Hello,
I have to admit the way I used MuTect2 is quite unorthodox and probably not strictly supported, but the problem I ran into is one of inconsistent read depth, which I don't think to have much to do what I'm attempting to do...
What I attempted to do was running the same BAM files on MuTect2 twice but with the TUMOR and NORMAL designation reversed. After some filtering and sample renaming, the two output files were then combined by CombineVariants --assumeIdenticalSamples.
And then I noticed the same position being called in both runs, with highly different read depths.

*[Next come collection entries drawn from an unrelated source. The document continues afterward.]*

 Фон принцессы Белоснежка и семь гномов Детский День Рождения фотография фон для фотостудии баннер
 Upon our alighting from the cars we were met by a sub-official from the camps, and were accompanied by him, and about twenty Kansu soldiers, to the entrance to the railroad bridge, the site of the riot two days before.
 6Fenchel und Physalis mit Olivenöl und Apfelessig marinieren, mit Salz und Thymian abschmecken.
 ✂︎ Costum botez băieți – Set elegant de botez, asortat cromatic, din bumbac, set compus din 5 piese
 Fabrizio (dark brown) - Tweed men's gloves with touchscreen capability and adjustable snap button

The following is a example:
chr1 180810202 chr1:180810202_A/G A G . alt_allele_in_normal ECNT=1;FG=7.81174;FS=0;HCNT=2;NLOD=166.03;TLOD=15.20 GT:AD:AF:ALT_F1R2:ALT_F2R1:FOXOG:FS:QSS:REF_F1R2:REF_F2R1 0/1:307,10:0.035:10:0:0:-0:11263:305:2 0/0:741,13:0.019:13:0:0:-0:25874:741:0
chr1 180810202 chr1:180810202_A/G A G . alt_allele_in_normal ECNT=1;FG=0;FS=4.82164e-16;HCNT=1;NLOD=106.40;TLOD=10.66 GT:AD:AF:ALT_F1R2:ALT_F2R1:FOXOG:FS:QSS:REF_F1R2:REF_F2R1 0/0:513,11:0.023:11:0:0:-0:19226:511:2 0/1:476,11:0.024:11:0:0:-0:16203:476:0
The read depths from IGV shows that the allelic depths for both samples when ran as TUMOR were more similar to IGV values ( According to IGV the first sample would have an AD of 314,8 and the second sample would have the AD of 483:10).

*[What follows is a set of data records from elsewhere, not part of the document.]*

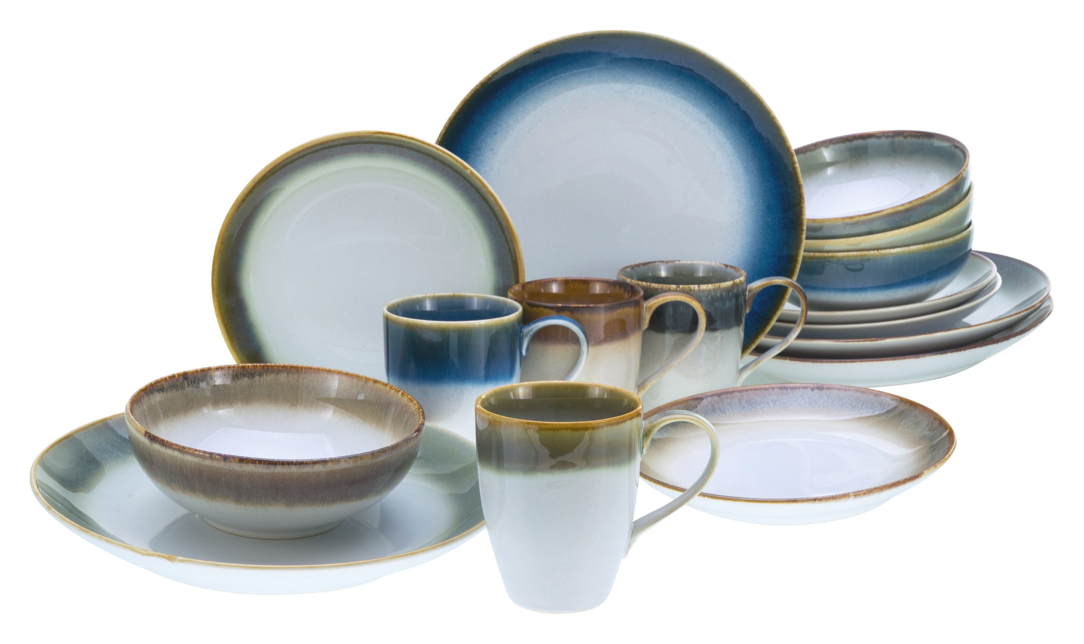 Das Set präsentiert sich mit einer interessanten Spezialglasur in den Farben Blau, Grün, Braun und Grau. An den jeweiligen Kantenentsteht eine farbige Spezialglasur, unregelmäßig und organisch verlaufend.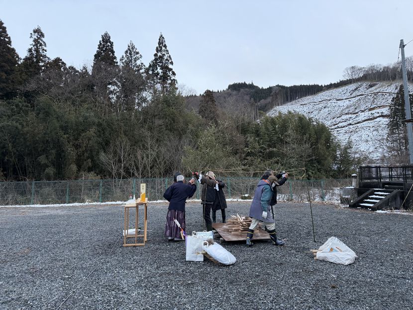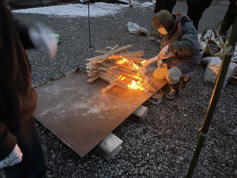 最初な神主さんの指導で、焚き上げの神事の舞台や、陣の作成などすべて下文字自治会の方たちの設置です。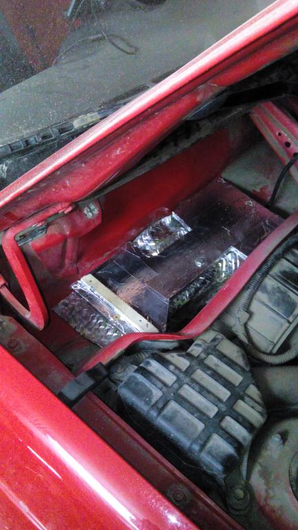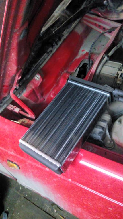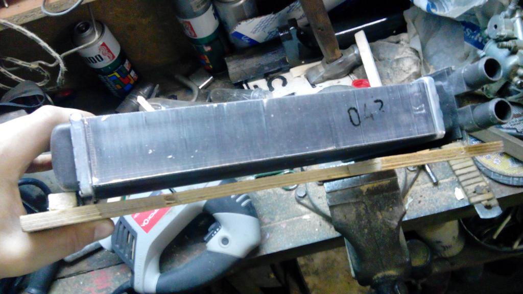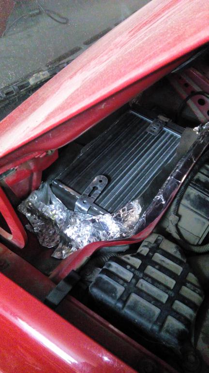 . Вчера сделал то, о чем мечтал. А именно: викинул к херам корпус салонного фильтра с заслонкой рециркуляции. Радиатор ТАЗ 2109 установлен на фанерке через брусочек. Фанерка обклеена алюминиевым скотчем. Привинчена к железу в том же месте, где крепился корпус СФ. Пригодились и оставшиеся после ВШИ материалы. Пока не подключил т.к не купил кран со шлангом, антифризу для доливки и не могу решить как подключить: к обогреву дросселя или последовательно штатной печке. Кстати посоветуйте какой кран купить и какие трубки, ершики к нему?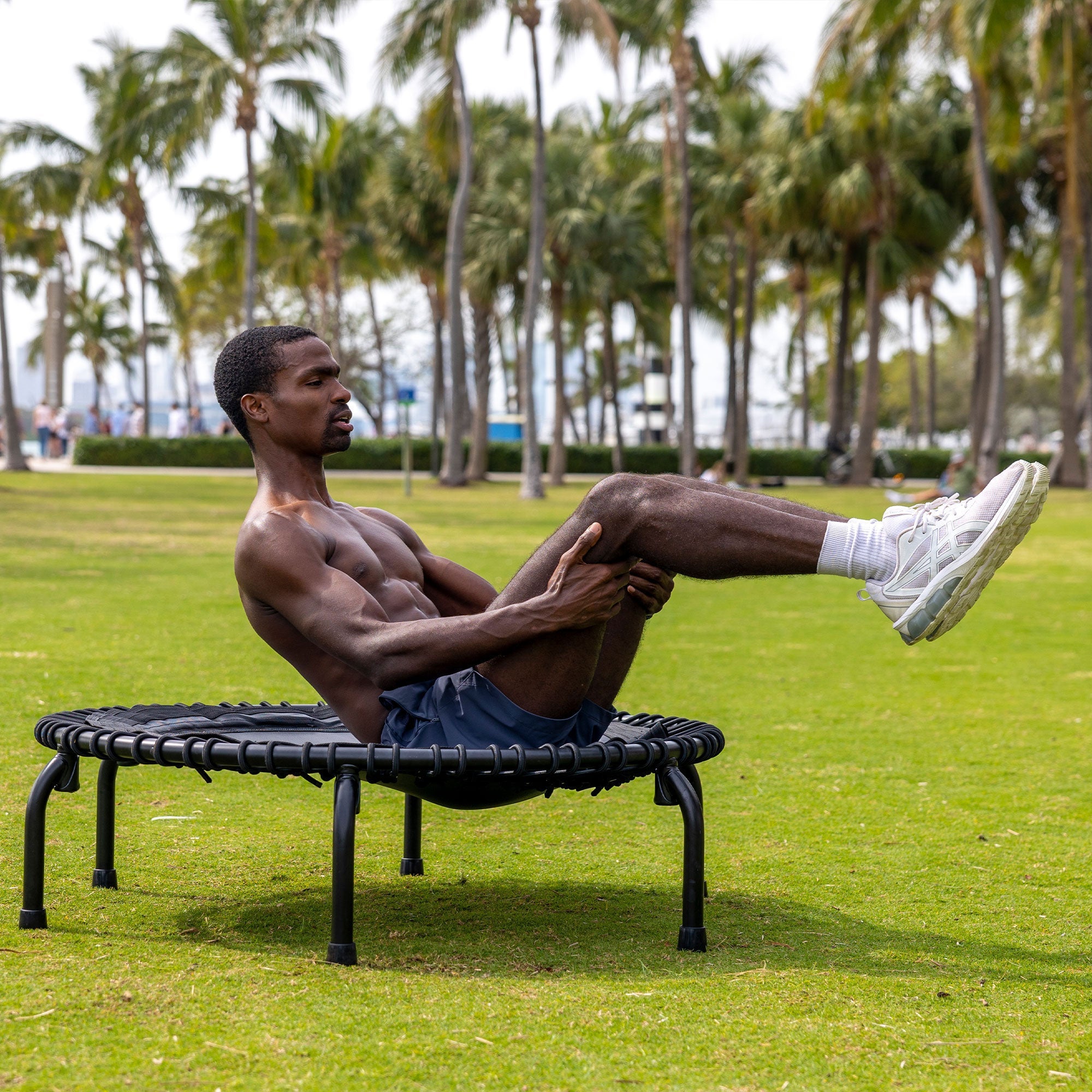 The trampoline has a durable lightweight design to facilitate a wide range of modalities and for easy storage. Whether you workout in a studio, apartment, office, or tiny home, the easily mobile JumpSport Fitness 350 PRO trampoline offers the variety you need to workout whenever, wherever.

For reference, both runs were ran using GATK 3.5-0 with similar parameters, for example:
INFO 17:09:44,416 HelpFormatter - --------------------------------------------------------------------------------
INFO 17:09:44,419 HelpFormatter - The Genome Analysis Toolkit (GATK) v3.5-0-g36282e4, Compiled 2015/11/25 04:03:56
INFO 17:09:44,419 HelpFormatter - Copyright (c) 2010 The Broad Institute
INFO 17:09:44,419 HelpFormatter - For support and documentation go to http://www.broadinstitute.org/gatk
INFO 17:09:44,422 HelpFormatter - Program Args: -T MuTect2 -dontUseSoftClippedBases -R /scratch/lym_myl_rsch/mma/mmu_genome/GRCm38.primary_assembly.genome.fa -I:normal [skip] -I:tumor [skip] -o [skip] --dbsnp /scratch/lym_myl_rsch/mma/mmu_genome/mgp.v5.merged.snps_all.dbSNP142.vcf.gz
INFO 17:09:44,429 HelpFormatter - Executing as [skip] on Linux 2.6.32-431.23.3.el6.x86_64 amd64; Java HotSpot(TM) 64-Bit Server VM 1.8.0_45-b14.

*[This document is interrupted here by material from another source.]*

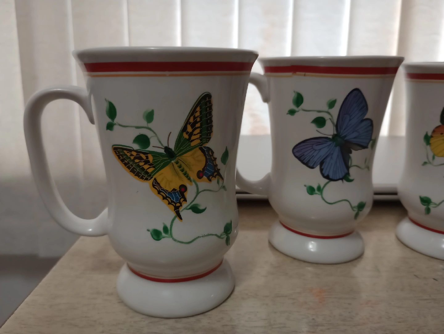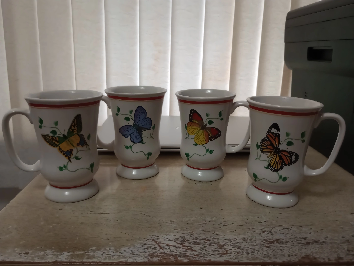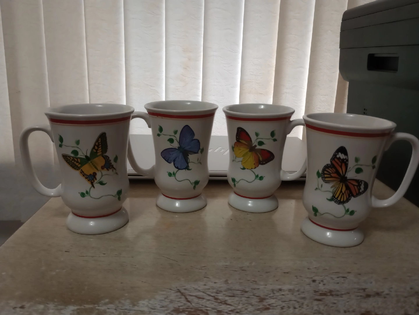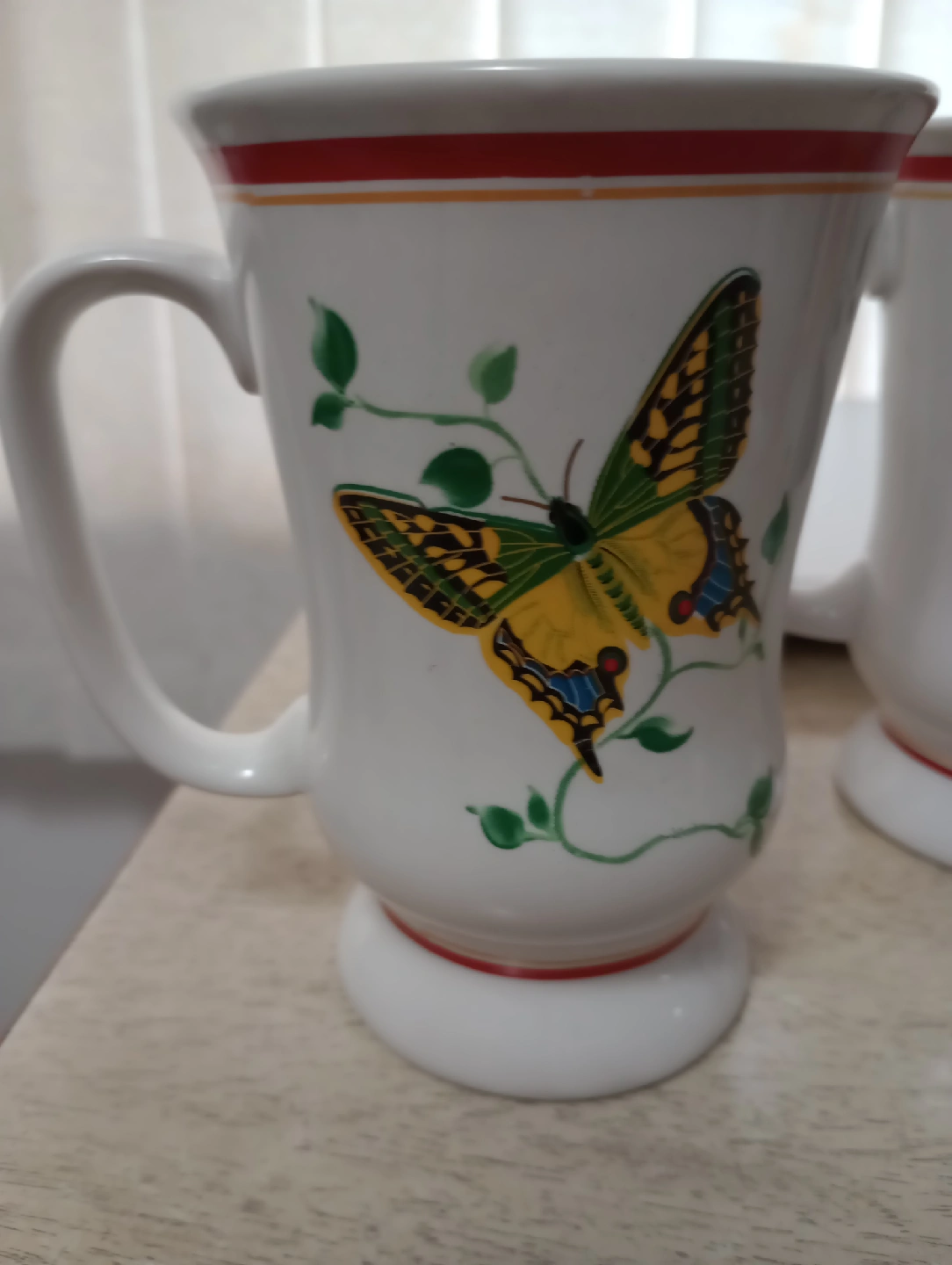 10Hi! Thank you for visiting my listings. Not quite ready for winter? Well, here's a set of four fabulous coffee mugs featuring beautiful butterfly designs to chase away the chill. Featuring a white base color with colorful butterfly patterns and a red and yellow stripe near the top, these hard-to-find mugs are the perfect way to add a touch of nature to your morning coffee or tea with friends! BTW, I have been a 100% Top-rated seller on eBay (my avatar/name on that platform is felicitasmaximus) for many years. So, although this is my first venture on Karrot, you can certainly buy with confidence. Thanks for looking. Best wishes from West Elsdon...

INFO 17:09:44,429 HelpFormatter - Date/Time: 2016/05/19 17:09:44
INFO 17:09:44,429 HelpFormatter - --------------------------------------------------------------------------------
If there are any difference other than the designation reversal, the MuTect2 analysis that produced the first line of output were ran with from scattered intervals and then combined with CatVariants, while for the second line I ran the entire genome all at one run.
Any idea on what's the problem with this?